In the past, WB report said, Pakistan has implemented workfare programs to build infrastructure and offer temporary employment to the poor, but no major program currently exists. Past programs include workfare for Afghan refugees and the Khushal Pakistan Program, though their overall impact on poverty reduction is not known.
Currently, no public works program exists to target the poor through low wages or conditions on public works contracts to employ local labour. WB report stated that "Social Welfare and Care Services" are fragmented with low budgets, and their effectiveness is not well known. The poor need only cash transfers, but also need services to improve their welfare, eg, rehabilitation services for the disabled.
The Ministry of Social Welfare and Special Education has been active in designing and providing several types of social welfare and care services programs for vulnerable groups such as working children, vulnerable women, and the disabled. The programs are publicly financed and administered by the federal government in some instances (eg, special education schools for children with disabilities; PBM child labour or vocational training centres); provincial governments (beggar and drug addict homes; Punjab Child Protection Bureau); and districts (district social welfare offices).
THE DELIVERY OF SERVICES FACES SEVERAL ISSUES:
(i) Programs are fragmented and no over-arching framework for service provision to vulnerable groups exists.
(ii) Public financing of social welfare and care services is low compared to needs (3 percent of social assistance spending), resulting in deficient coverage. Low budgets coupled with program fragmentation lead to poor coverage and weak administrative capacity to deliver and monitor services.
(iii) The public sector remains focused on service delivery instead of policy development, setting service standards, regulation, and supervision. Finally, (iv) private provision of services by NGOs to vulnerable groups exists, but also with small coverage. WB report said that the Ministry of Social Welfare and Special Education is aware of these issues and has announced its intention to strengthen service provision to special vulnerable groups.

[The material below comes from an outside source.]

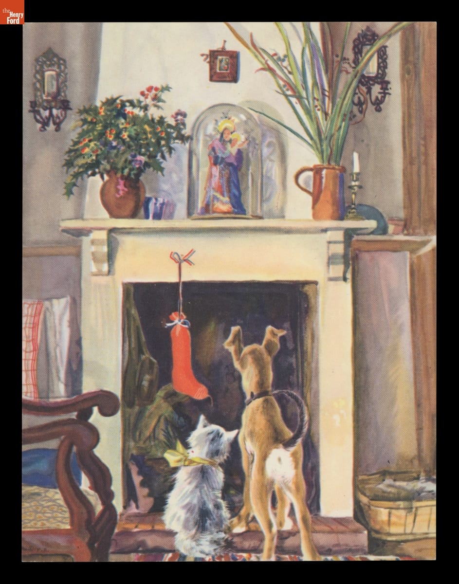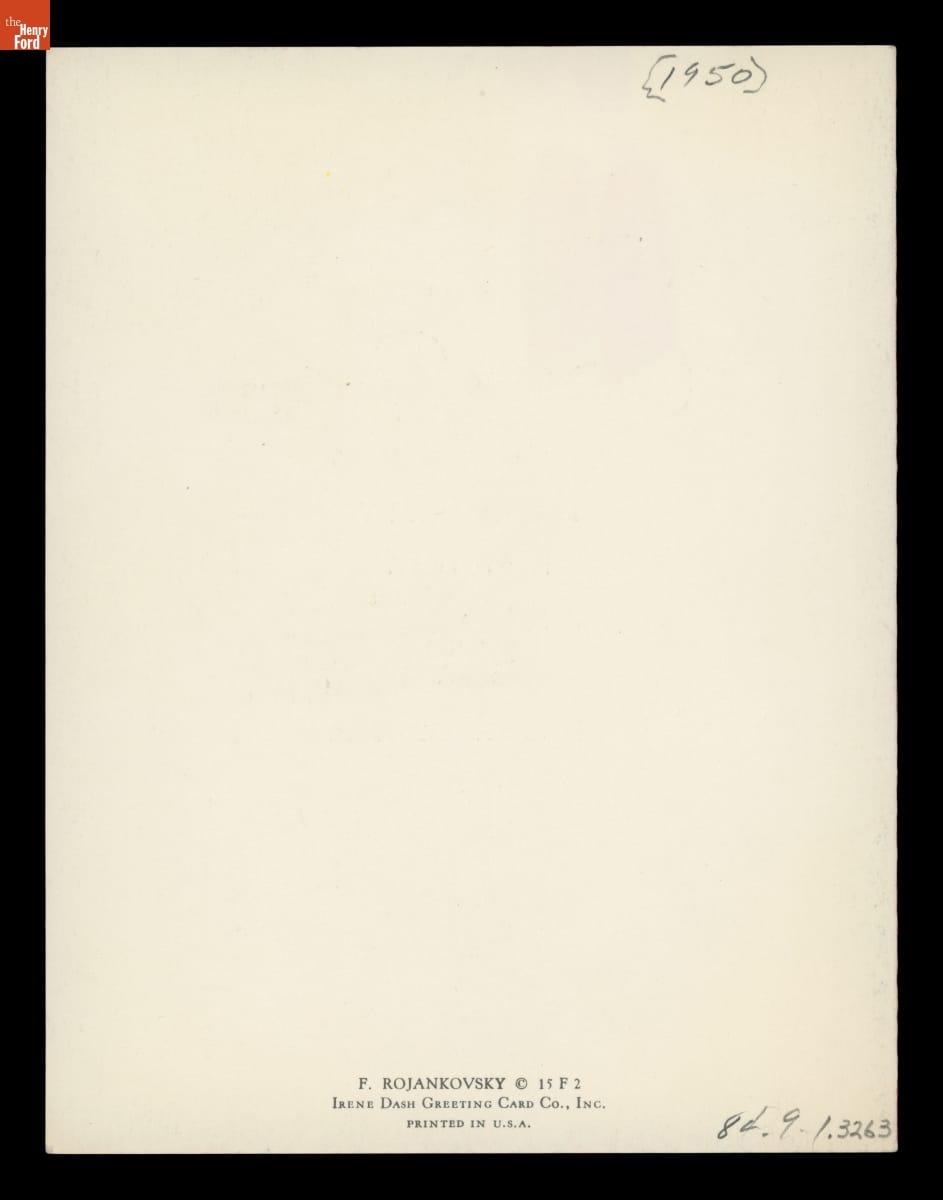 Russian-born artist and illustrator Feodor Rojankovsky (1891-1970) is best known as a children's book illustrator. His first children's book for a Western publisher came out in 1931 while living in Europe. He emigrated to the United States ten years later. Rojankovsky won the Caldecott Medal for the artist of the most distinguished children's book from 1956. He created this Christmas card design around 1950.

WB report pointed out that the government regularly intervenes in the wheat market through a subsidy with the understanding that wheat is a major staple food for Pakistani households, and therefore changes in wheat prices directly impact welfare, particularly of poor consumers and producers, but at significant economic and fiscal costs. Since resale prices are not high enough to cover payments to producers and storage and handling costs, the government incurs significant fiscal expenses.
Over the last 10 years, annual wheat subsidy costs have averaged around Rs 6 billion, with the subsidy fluctuating from 0.1 to 0.5 percent of GDP. About a third of the subsidy accrues to millers to cover the difference between the guaranteed purchase and resale prices, and the other two-thirds finance inefficient government grain procurement and handling procedures.

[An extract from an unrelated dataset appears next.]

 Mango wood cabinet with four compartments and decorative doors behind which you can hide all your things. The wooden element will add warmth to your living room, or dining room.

Aside from creating distortions in wheat prices, and although more in-depth analysis is needed, preliminary evidence seems to suggest that the current system favours millers and the non-poor. The ability of the program to help the poor cope with wheat price shocks is therefore small, report mentioned.

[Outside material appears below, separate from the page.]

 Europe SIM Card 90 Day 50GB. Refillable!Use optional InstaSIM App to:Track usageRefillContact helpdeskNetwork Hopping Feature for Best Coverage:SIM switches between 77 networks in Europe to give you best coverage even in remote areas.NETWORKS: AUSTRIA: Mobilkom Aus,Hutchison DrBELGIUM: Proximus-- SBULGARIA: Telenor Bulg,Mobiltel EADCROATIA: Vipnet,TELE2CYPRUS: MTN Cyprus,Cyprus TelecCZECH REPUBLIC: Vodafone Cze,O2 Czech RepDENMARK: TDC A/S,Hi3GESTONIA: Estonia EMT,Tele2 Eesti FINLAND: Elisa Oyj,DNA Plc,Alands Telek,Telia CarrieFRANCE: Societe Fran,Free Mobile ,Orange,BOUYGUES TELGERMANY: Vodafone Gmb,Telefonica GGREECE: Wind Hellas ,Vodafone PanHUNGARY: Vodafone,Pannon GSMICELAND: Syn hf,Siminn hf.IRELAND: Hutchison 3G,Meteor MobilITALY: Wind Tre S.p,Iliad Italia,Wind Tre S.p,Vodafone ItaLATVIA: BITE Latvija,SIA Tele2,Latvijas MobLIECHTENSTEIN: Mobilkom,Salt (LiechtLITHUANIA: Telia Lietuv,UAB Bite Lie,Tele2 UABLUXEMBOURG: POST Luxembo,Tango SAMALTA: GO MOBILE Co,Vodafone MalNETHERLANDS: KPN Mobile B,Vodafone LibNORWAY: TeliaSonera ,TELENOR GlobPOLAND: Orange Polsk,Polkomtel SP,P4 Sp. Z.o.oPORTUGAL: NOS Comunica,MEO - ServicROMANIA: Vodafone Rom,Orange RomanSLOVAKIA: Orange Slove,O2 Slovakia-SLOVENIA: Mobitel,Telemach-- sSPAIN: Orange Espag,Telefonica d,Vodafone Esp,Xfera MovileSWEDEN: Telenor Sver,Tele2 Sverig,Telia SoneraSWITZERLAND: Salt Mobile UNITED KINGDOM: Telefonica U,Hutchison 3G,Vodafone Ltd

WB report said that the recent earthquake exposed the gap in the ability of the government to cope with natural disasters. Since no safety net structure existed that could be rolled out quickly, interventions had to be designed from scratch. The final relief package combined short-term income support (cash support) with long-term aid for reconstruction (housing).
Community-based rehabilitation services anchored in four resource and information centres for persons with disabilities in the earthquake-affected areas are planned to complement this program. Following the earthquake, the government has developed the National Strategy and Plan of Action for Vulnerable Populations in Earthquake Affected Areas and the Earthquake Reconstruction and the Earthquake Rehabilitation Agency has approved its draft social protection strategy.